Each brother packs colour-desaturating freeze-time ability, triggered by tapping B and refuelled by stuffing somebody's vitals with lead: while playing Ray, you get a few seconds to queue up insta-kill shots at multiple enemies with the right stick, before unleashing them all simultaneously; as Thomas, you'll auto-lock and head-shoot merrily by palming the stick like a revolver hammer. Once fully charged, you've got a minute to make use of these abilities before the "adrenaline" fades, which lends Bound in Blood's otherwise blandly competent hiding, peeking and blasting a mild tactical after-taste. At heart, though, it's just the top-down shooter's smart bomb wearing some fancy 19th century breeches.

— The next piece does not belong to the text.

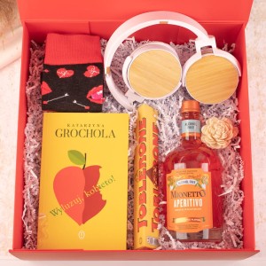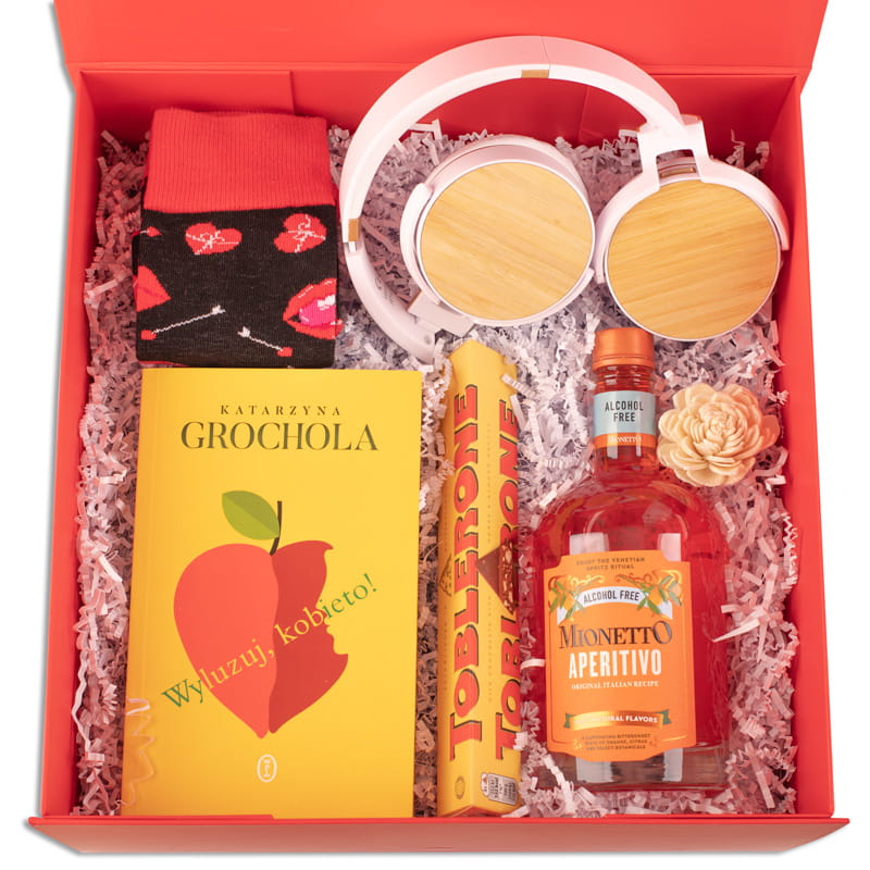 Elegancki zestaw prezent na rocznicę ślubu lub Walentynki w personalizowanym czerwonym pudełku z imieniem to idealny sposób, aby podkreślić wyjątkowość chwili. W środku znajdują się starannie dobrane upominki - książka Katarzyny Grocholi „Wyluzuj, kobieto!”, słodka czekolada Toblerone, bezalkoholowy napój Mionetto Aperitivo, białe słuchawki oraz modne skarpetki.

After blowing away pretty much the entire Union army on their lonesomes, Ray and Thomas are ordered to rejoin the main Confederate force elsewhere. Neither takes very kindly to the idea, as this would give the Yankees a clear run at their family ranch. Abandoning their positions, the brothers return home to find their mother dead, their property ransacked and William deeply concerned for the state of their souls. The plot winds its way through dessicated Mexican townships and Injun-infested woodlands to a climatic encounter with a vengeful Confederate general in the depths of an Aztec treasure-house. It's colourful, well-produced material, the pacing is dead on, and the voice-acting playfully over-the-top.

After Ray and Thomas shrug off their uniforms you're introduced to the concept of duelling, an edge-of-your-seat mini-game which stylishly rounds out many of the missions. Here you join a prominent enemy for a spot of classic "high noon" quick-draw. The camera hunkers down behind your denim cowboy tush, and you must sidle left and right to keep your opponent in view while holding your hand close to your holster. Once the town bell tolls you've got a split second to draw, aim and fire. Duelling doesn't really evolve as a mechanic over the course of the game - the baddies just get faster - but it makes for some engrossing finales.